I think my dad was more scared than me when he was teaching me how to drive. I would get “Stop! Stop-stop-stop-stop-stop!” and “Slow down! Slow down-slow down-slow down!” He also was obsessive about when parking in a parking space to be exactly centered between the yellow lines. He would make me back up over and over until I was in the center between the yellow lines. A completely humilating experience at 15.

Last year I had to drive my dad to a doctor appt. because he was required to take a seditive before hand for a test they were doing.

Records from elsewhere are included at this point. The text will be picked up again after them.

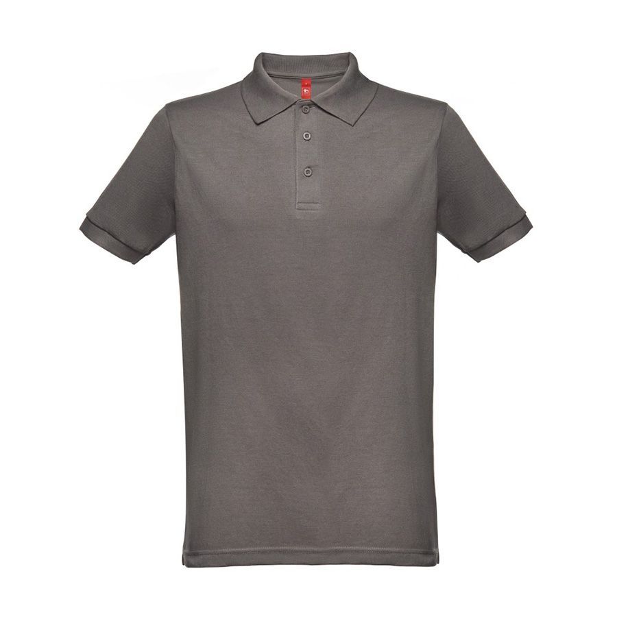 Мужская рубашка-поло из смесовой ткани-пике. Полотно футболки упругое и гладкое благодаря обработке ферментами "enzyme wash" и сохраняет форму при стирке. Модель полуприлегающего силуэта. Благодаря манжете из риба 1х1 рукав смотрится очень аккуратно. Воротник также выполнен из риба 1х1, внутри ворота - укрепляющая тесьма по горловине. Планка с 3 пуговицами в тон изделия. запасная пуговица на ярлыке во внутреннем боковом шве. Цвет, близкий к Pantone Cool Grey 10
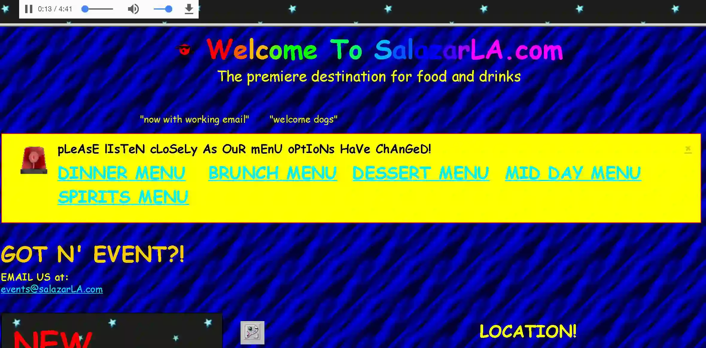 洛杉矶备受赞誉的一家烧烤餐厅 Salazar 的官网上搭配了闪烁的 Comic Sans 文字、跳舞的 MC 锤子 GIF 和键盘音乐,很容易令人回忆起少年的那段时光。
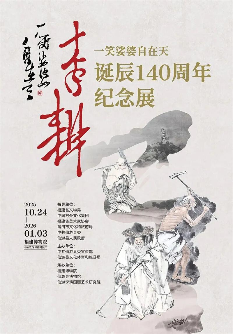 展览标题“一笑娑婆自在天——李耕诞辰140周年纪念展”源自仙游县博物馆藏的李耕抗战时期代表作《六子戏佛》题画诗,短短七字既是弥勒佛豁达境界的写照,更是艺术家精神的凝练。本次展览集结仙游县博物馆、仙游李耕国画艺术研究院、福建博物院等单位收藏的120余件珍贵展品,带您走进艺术巨匠的世界。
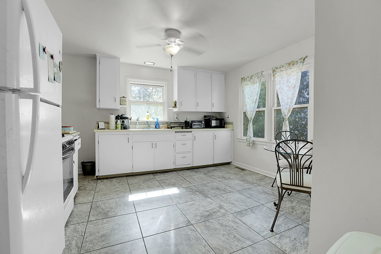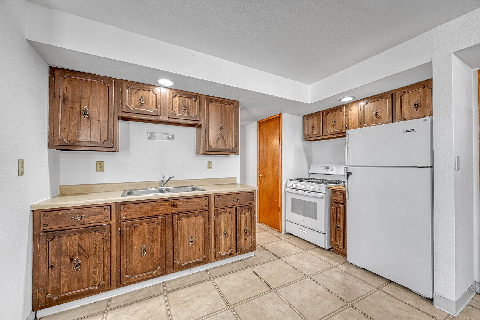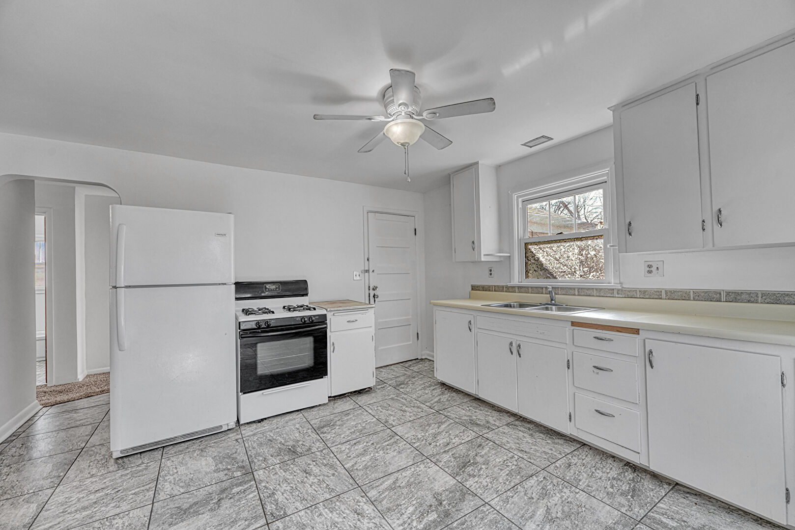Arched Cabinets, Arched Walkways, Baseboards Wall, Ceiling Fan, Drywall, Medium Brown Cabinets, Natural Light, Recessed Lighting, Tile Floor, Toaster, Vent, Visible Hinge Cabinets, Arched Cabinets, Drywall, Natural Light, Tile Floor, Visible Hinge Cabinets
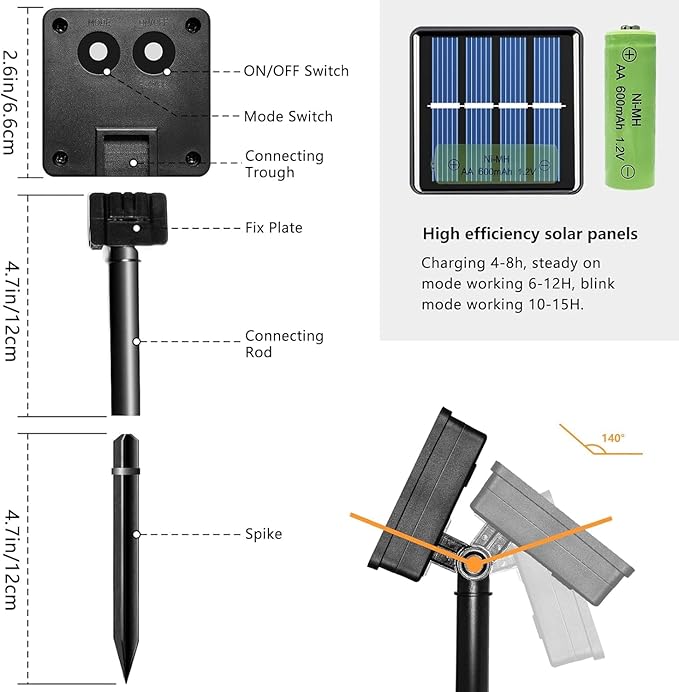 • 【Solar Powered & Auto On/Off】: This outdoor string lights charging by solar energy, no extra electric cost, and no need to replace the battery. It can work up to 10~15 hours at night after fully charged under sunshine for 4~8 hours. Light sensor controls the multicolor solar lights charging at daytime and auto on at dark.

Even on valium my dad was telling me how to drive all the way there. “You should turn your signal on now.” “You can get in the middle lane now.” “The light is red up ahead.” Finally I grinned at my dad and said “How in world have I managed to drive all these years without you int the car?” He laughed. 😃
What a wonderful story!

We always had lots of cats around while I was growing up. They, of course, would beg at the table. When dinner was done, Dad would pick up the nearest cat/kitten and begin the Kat Concerto! He’d hold their paws like they were playing the piano, and sing “A-ding-a-ding-a-ding…” Cats thought he was nuts!
 
My Pap, who was like my father since my real one was never around, passed away in 2001 this month. He was a great man and one of the most devout Christians I have ever met. He was from a Irish Catholic family, but raised Methodist, as was I. He married a stubborn German about 20 years his junior. They met right after WWII. They got into some heated arguments but always ended with a big kiss.

Anywho, When he got sick with Cancer, I was with him for some very meanigful moments during his last days. This all happened within one week in early October. He was diagnosed on Aug. 13 and died Oct. 13. The doctors gave him exactly 2 months, and 2 months to the day it was.

I helped him walk out from the porch to the driveway one night after dinner. We walked out as he clutched my arm. We went to the end of the sidewalk and he looked around, as if to admire God’s creation. He took a big breath and said that was enough. We walked back to the house. Once inside, he walked in to the living room where his hospital bed was set, and laid down. He remained there for the next 7 days until he died. Before he died however, he remained lucid for about 3 days after his walk. The very last moment before he slipped into unconciousness, I asked him for one last smile, and for me, he smiled one last time.

He died October 13 at 1:00 a.m. surrounded by his family. On the second day after he went into the bed, he said there was a man on or by his knee, as if watching over him. Maybe an angel.